In a recent paper, published in Nature Biotechnology, scientists at the Wellcome Sanger Institute have developed a machine learning tool to improve the efficiency of prime editing – a gene editing technology. The tool is designed to reduce the trial and error involved in optimizing prime editing and to help researchers design the best fix for a given genetic flaw, potentially accelerating the development of new therapies for a range of diseases and expanding the applications of prime editing.
Prime editing vs CRISPR
Prime editing and CRISPR are both used to manipulate DNA sequences, but these technologies differ in their approach and potential applications. CRISPR-Cas9 editing, developed in 2012, is often described as “molecular scissors” that can disrupt target genes. Base editors, developed in 2016, build on the CRISPR-Cas9 technology and function more like “molecular pencils,” substituting single nucleotides. Prime editors, developed in 2019, are able to insert short DNA sequences without generating double-strand breaks or requiring an external template. Therefore, prime editors are sometimes described as “molecular word processors” that are able to perform “search and replace” operations directly on the genome.
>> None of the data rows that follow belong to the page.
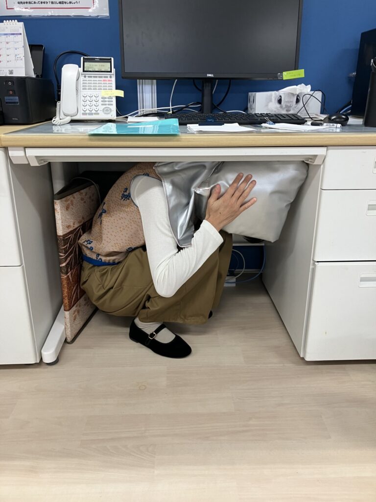 震度7強の地震が発生したという想定で、まず全員で机の下に!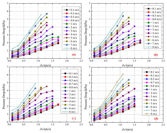 Also, when the conversion velocity of air is small, the flow is basically in bubble flow, and the ΔPf is small. The additional force generated by vibration shows little impact on the air–water fluid, so the ΔPf changes slightly.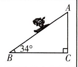 【例3】如图,一名滑雪运动员沿着倾斜角为$34^{\circ}$的斜坡,从点$A$滑行至点$B$,已知$AB = 500\ \text{m}$,则这名滑雪运动员的高度下降了

This technology has the potential to revolutionize biotechnology and medicine, as small insertions of DNA sequences can have a profound impact on gene expression, protein function, and disease treatment. These small sequences can encode protein tags for purification and visualization, or manipulate protein function by altering protein localization, half-life or interaction profiles. Over 16,000 small deletion variants have been linked to disease, and prime editing could be used to restore the missing sequence. However, the prime editing system is complex and still being optimized, with further research needed to understand what factors affect its efficiency and the potential length range of insertions feasible with this technology.
Boosting efficacy
Improving the efficacy of prime editing is crucial for advancing the technology and realizing its potential in biotechnology and medicine. However, the efficiency of each step in prime editing is affected by various factors, such as the length and composition of the inserted sequence. Eliminating unnecessary trial and error in optimizing prime editing could accelerate the development of new therapies and applications. That’s what the research team at the Wellcome Sanger Institute set out to do, by developing a new machine learning tool to “help researchers design the best fix for a given genetic flaw.”
“Put simply, several different combinations of three DNA letters can encode for the same amino acid in a protein. That’s why there are hundreds of ways to edit a gene to achieve the same outcome at the protein level,” explained Julianne Weller, an author of the study. “By feeding these potential gene edits into a machine learning algorithm, we have created a model to rank them on how likely they are to work. We hope this will remove much of the trial and error involved in prime editing and speed up progress considerably.”
The researchers designed 3,604 DNA sequences of various lengths and measured the frequency of their insertion into four genomic sites in three human cell lines using different prime editor systems in varying DNA repair contexts. The study found that the length, nucleotide composition and secondary structure of the insertion sequence all affect insertion rates. Mismatch repair also effected thousands of insertion sequences, and the 3′ flap nucleases TREX1 and TREX2 abolished the insertion of longer sequences. In summary, the specific features of sequences and DNA repair pathway activity explained most of the variation in insertion rate. Using this data, they trained a machine learning model to accurately predict the editing outcomes for novel sequences. The team also used the model to select optimal reagents for new insertions and to create a catalogue of a hundred useful sequences and their insertion rates.
Bringing prime editing closer to the clinic
Leopold Parts, senior author of the study noted that “the potential of prime editing to improve human health is vast, but first, we need to understand the easiest, most efficient, and safest ways to make these edits. It’s all about understanding the rules of the game, which the data and tool resulting from this study will help us to do.”
This study has revealed some of those “rules,” and the ability to accurately predict the efficiency of prime editing has the potential to greatly reduce the time and resources needed, making genetic editing therapies more feasible for clinical use. This may help to streamline the development of gene therapies and bring them closer to clinical application, ultimately benefiting patients who suffer from genetic diseases.
While the results of this study are promising, it’s important to note that caution needs to be taken to ensure that the potential benefits of genetic therapies are balanced against the risks, and that rigorous safety and efficacy testing is conducted before they are approved for clinical use. There is still a long way to go in terms of understanding the complexities of gene editing and developing safe and effective therapies that can be widely used in clinical settings.